Cut in Aid to Taipower Could Lead to Electricity Rate Hikes: Cabinet

Taipei: The removal of NT$100 billion (US$3.42 billion) in aid to financially troubled state-owned Taiwan Power Co. (Taipower) from a special bill passed by the Legislative Yuan on Friday could lead to a hike in electricity rates, which could raise inflation, according to the Executive Yuan.

According to Focus Taiwan, after the passage of the bill, Executive Yuan spokesperson Michelle Lee stated that an electricity tariff review meeting of the Ministry of Economic Affairs (MOEA) might decide to approve a hike in power rates as Taipower failed to secure the aid.
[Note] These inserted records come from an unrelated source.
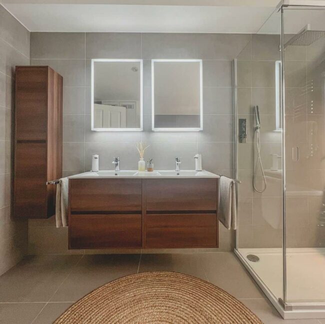 Sophisticated lighted mirrors reflect light and expand visual space effortlessly.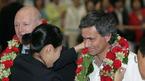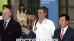 오는 20일 수원 월드컵경기장에서 수원 삼성과 친선 경기를 가질 잉글랜드 프리미어리그 챔피언 첼시가 18일 오후 입국했다. 조세 무링요 감독이 축하 화환을 받고 있다. /인천공항=손용호 기자spjj@poctannews.com (Copyright ⓒ 폭탄뉴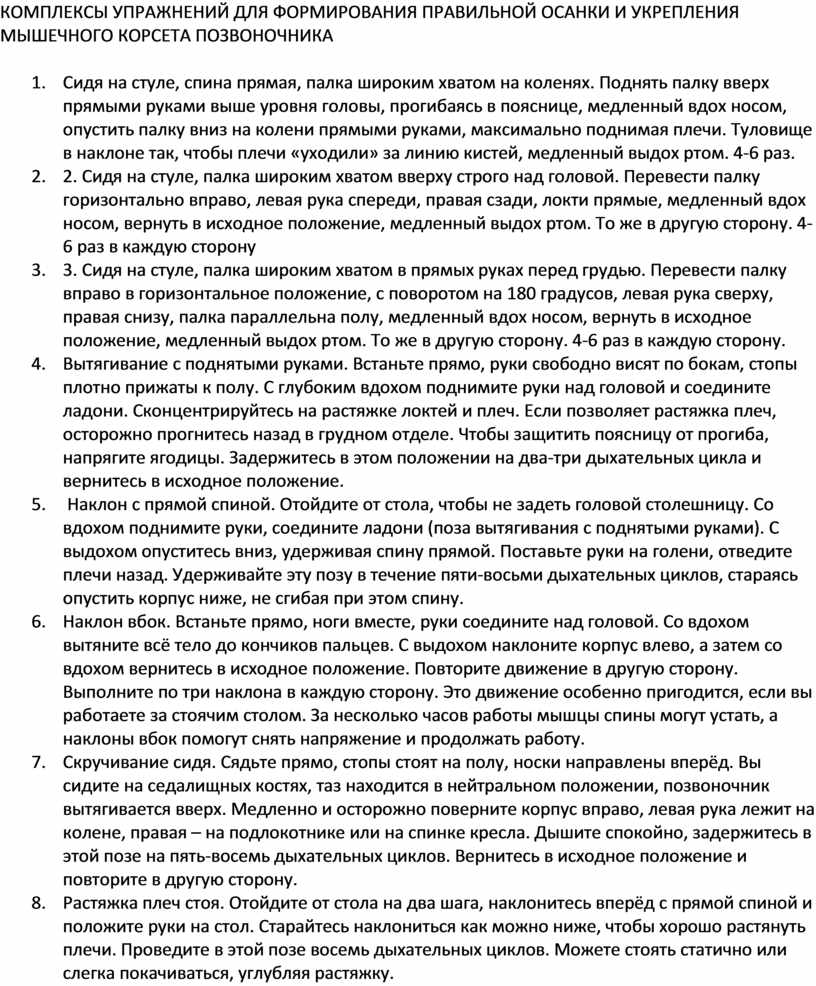 КОМПЛЕКСЫ УПРАЖНЕНИЙ ДЛЯ ФОРМИРОВАНИЯ ПРАВИЛЬНОЙ ОСАНКИ И УКРЕПЛЕНИЯ МЫШЕЧНОГО КОРСЕТА ПОЗВОНОЧНИКА
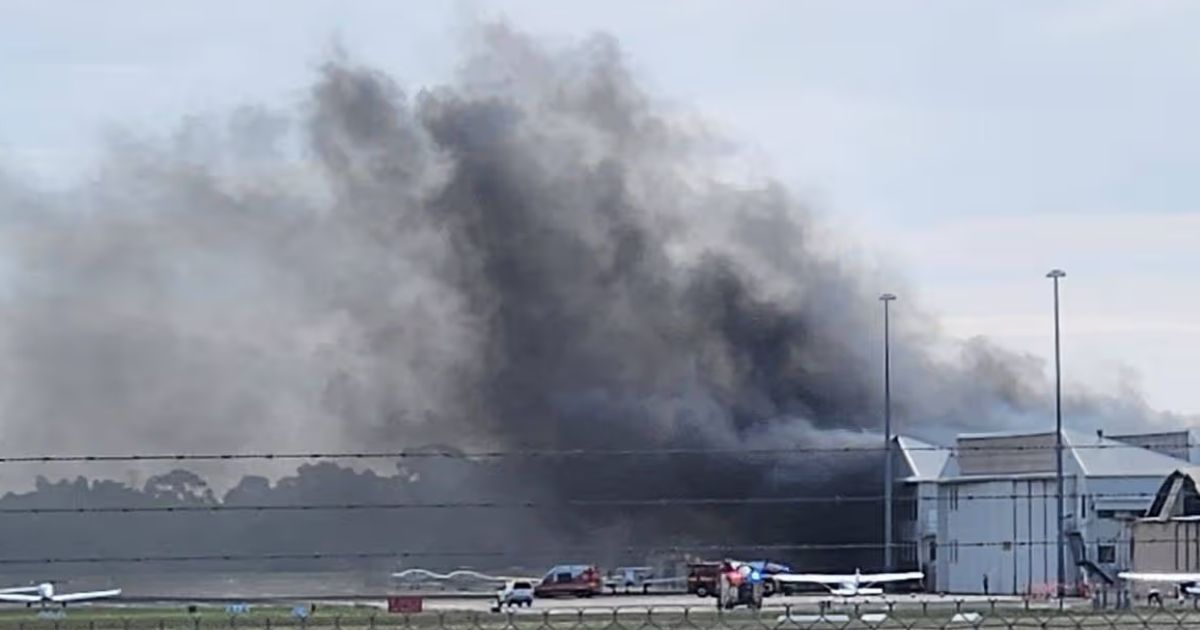 {img}The four-seat twin-engined Diamond DA42 plane had just taken off from Parafield Airport, north of Adelaide, shortly after 2 pm, when it crashed into a hangar where a major amount of fuel was stored.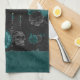Zodiac Magic | Dark Teal Green Gothic Skull Roses Tea Towel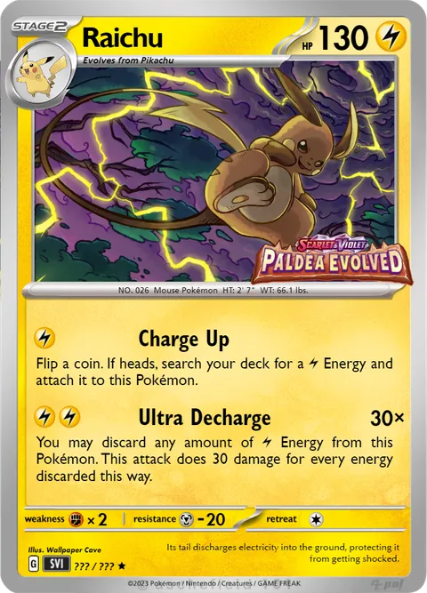 NO. 026 Mouse Pokémon HT: 2' 7" WT: 66.1 lbs.illus. Wallpaper Cave#???/???Its tail discharges electricity into the ground, protecting it from getting shocked.Created by @Darthren2603 on 06 July 2023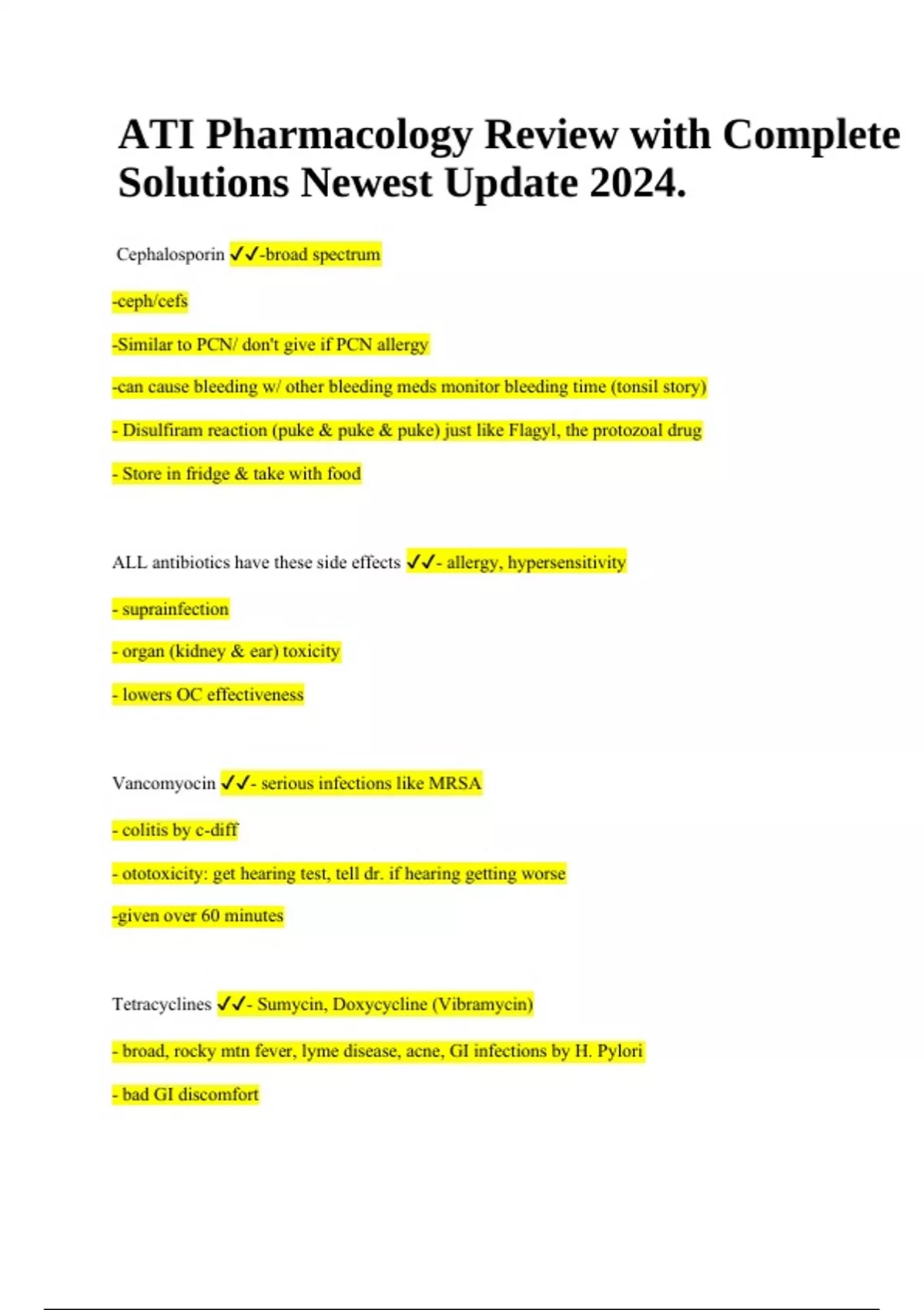 ATI Pharmacology Review with Complete Solutions Newest Update 2024. Cephalosporin -broad spectrum -ceph/cefs -Similar to PCN/ don't give if PCN allergy -can cause bleeding w/ other bleeding meds monitor bleeding time (tonsil story) - Disulfiram reaction (puke & puke & puke) just like Flagyl, the protozoal drug - Store in fridge & take with food ALL antibiotics have these side effects - allergy, hypersensitivity - suprainfection - organ (kidney & ear) toxicity - lowers OC effectiveness Vancomyocin - serious infections like MRSA - colitis by c-diff - ototoxicity: get hearing test, tell dr. if hearing getting worse -given over 60 minutes Tetracyclines - Sumycin, Doxycycline (Vibramycin) - broad, rocky mtn fever, lyme disease, acne, GI infections by H. Pylori - bad GI discomfort ATI Pharmacology Review with Complete Solutions Newest Update 2024. - Don't give to kids ≤8; teeth permanently yellow - Bad photosensitivity- wear sunscreen! - Can't take with milk, iron, or antacids - Take on empty stomach with a full glass of water When is Arythromycin given? What class of drugs is it? worse adverse effect? When pt allergic to PCN and needs abx. Bacteriostatic inhibitor bad GI issues Aminoglycosides ototoxicity, Renal toxicity, Can't take with PCN at all! - gentamicin, neomycin, streptomycin TMP-SMZ -Contains Sulfa - use for UTI - Blood problems; get CBC baseline -photosensitivity wear sunscreen and glasses! - empty stomach with a full glass of water.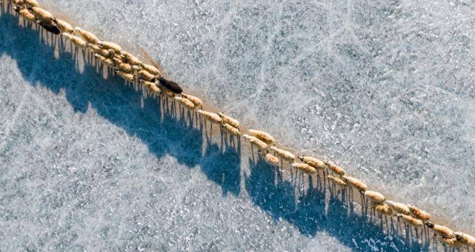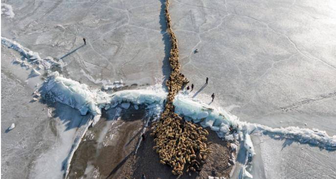 在普莫雍错的湖中心有一个牧草丰美的小岛,在冬季到来之时,湖面结成厚厚的冰,此时人们便会把羊群赶到岛上,等到春天快要到来的时候,人们再把羊群从冰面上赶回村子里。因为冰面会很滑,于是聪明的村民便把牛粪炉灰撒到冰面上,这样就可以防止羊群经过时在冰面上打滑。这样独特的放牧方法已经延续了上千年,成了推瓦村特别的一种“仪式活动”。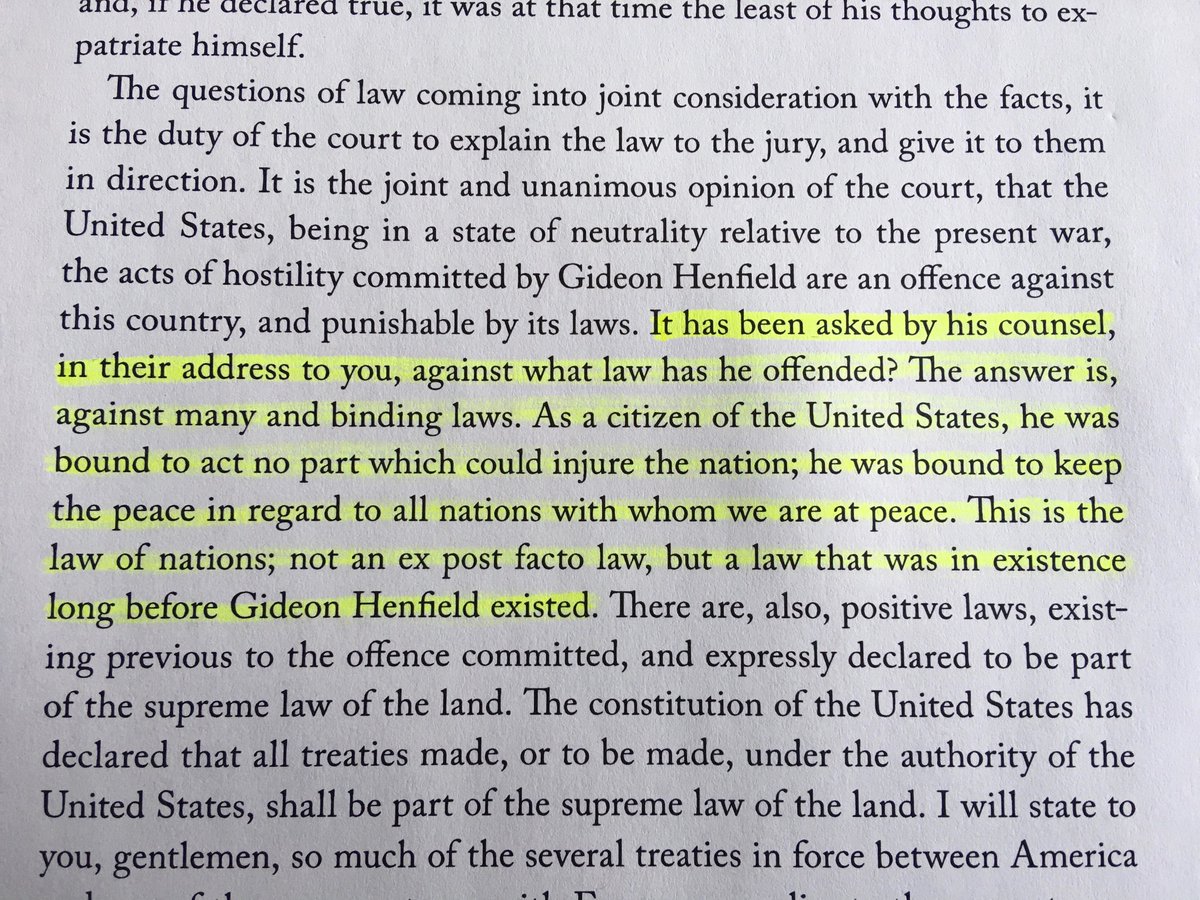 Apart from a handful of radicals like Bentham, few 18th century writers believed that applying the common law, natural law, or law of nations to a novel fact pattern offended the prohibition on bills of attainder or ex post facto laws. See, e.g., Henfield’s Case & US v Worrall.pic.twitter.com/IF2dPf9pDf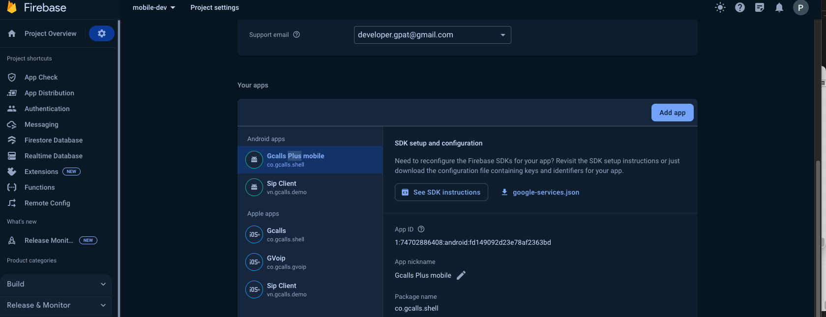 - Sau khi tạo 1 Android App trên Firebase, tải google-service.json .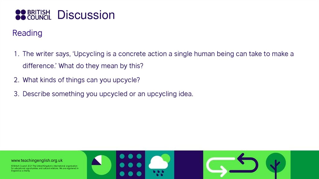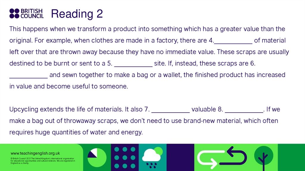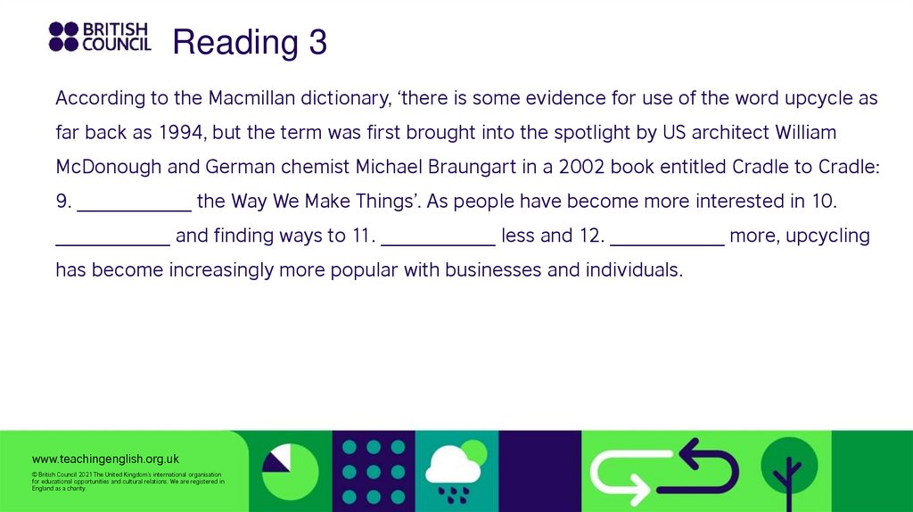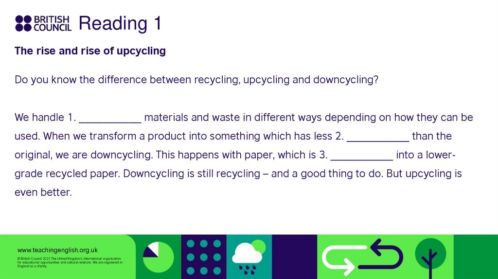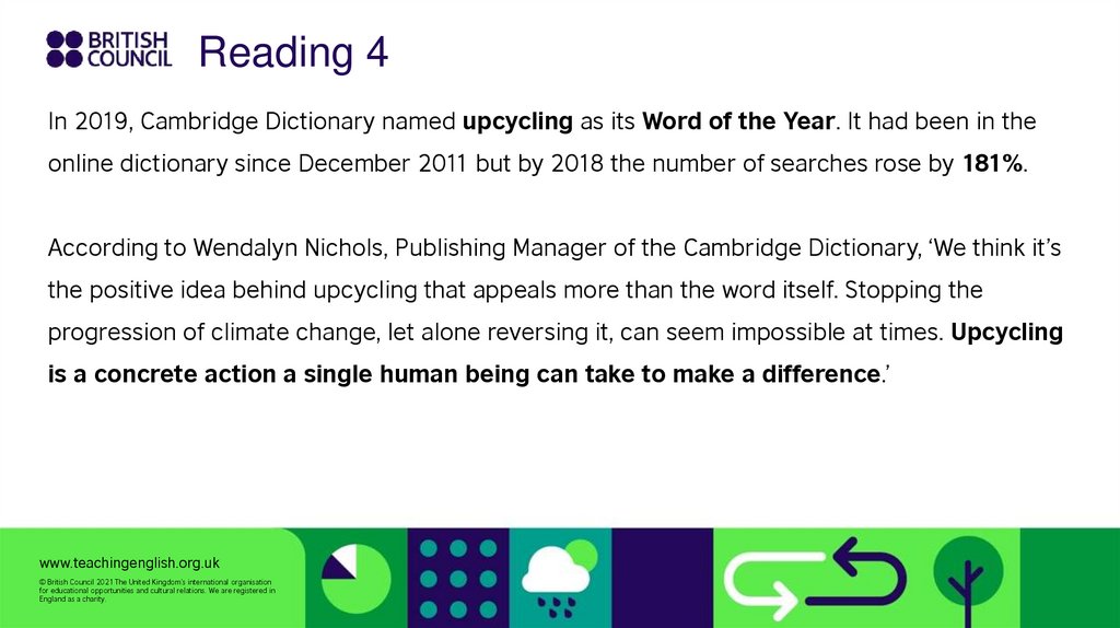 Reading 4In 2019, Cambridge Dictionary named upcycling as its Word of the Year. It had been in the
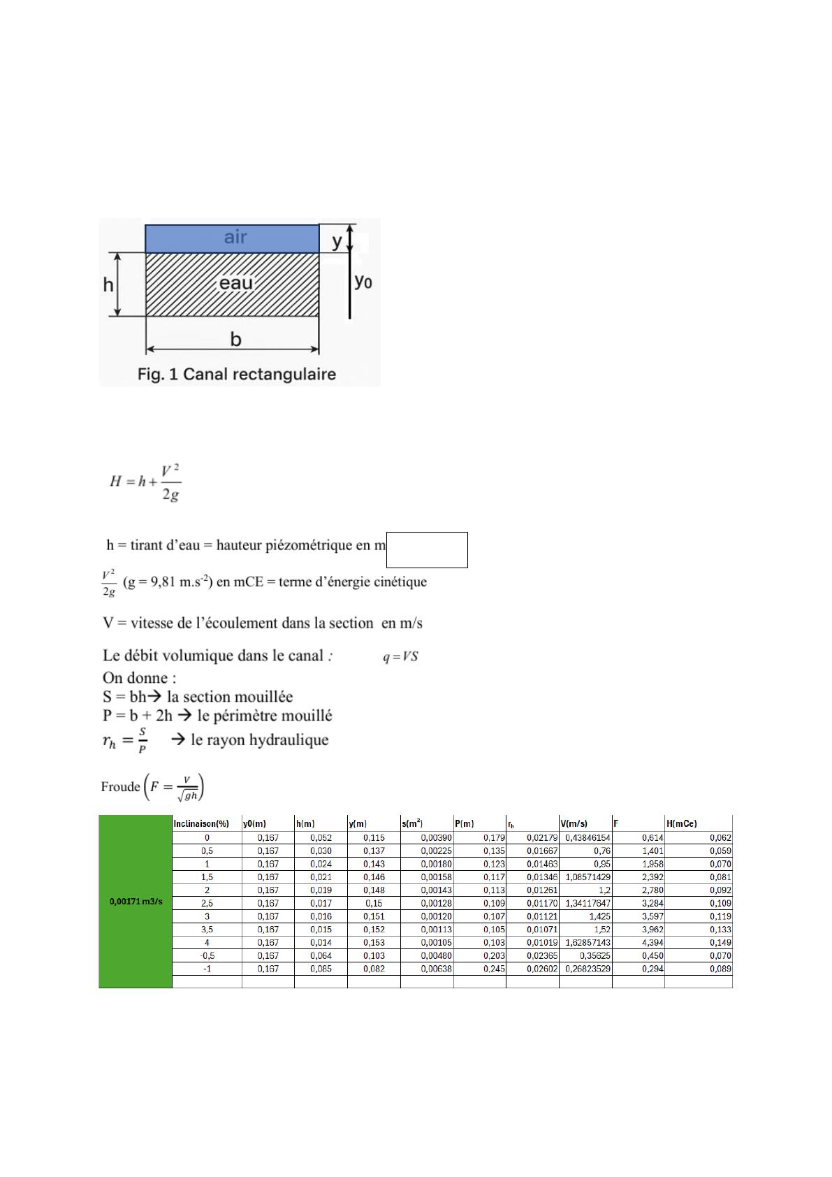 d'un canal de forme rectangulaire, ayant une largeur de b=75mm, une hauteur totale de

Lee indicated that an increase in power rates could push up inflation and impact consumers and the industrial sector.

Taipower echoed Lee's concerns, noting that an electricity tariff review meeting has been scheduled for September. The company plans to report its actual financial situation at that time and seek aid from the government. On Friday, lawmakers from the opposition Kuomintang (KMT), the biggest party in the Legislature, successfully pushed for the removal of NT$100 billion in aid for Taipower from the special NT$545 billion package.

The special act will allow the government to use surplus tax revenue to invest in Taiwan's security infrastructure and provide relief to industries likely to be affected by U.S. tariffs. Taipower stated that due to a failure to secure the necessary financial assistance, domestic power tariffs will be raised accordingly to compensate for the losses suffered by the company.

The MOEA reported that Taipower's accumulated losses reached NT$422.9 billion as of the end of 2024, largely due to a surge in fuel costs. As the previous power tariff review meeting agreed not to hike rates in April, the MOEA indicated Taipower is expected to incur an additional NT$33.2 billion in losses in 2025.

Opposition lawmakers have repeatedly argued that the large losses posted by Taipower resulted from the government's failed energy policies, including the phaseout of clean and more affordable nuclear power, and the purchase of renewable energy from the private sector at unreasonably high prices.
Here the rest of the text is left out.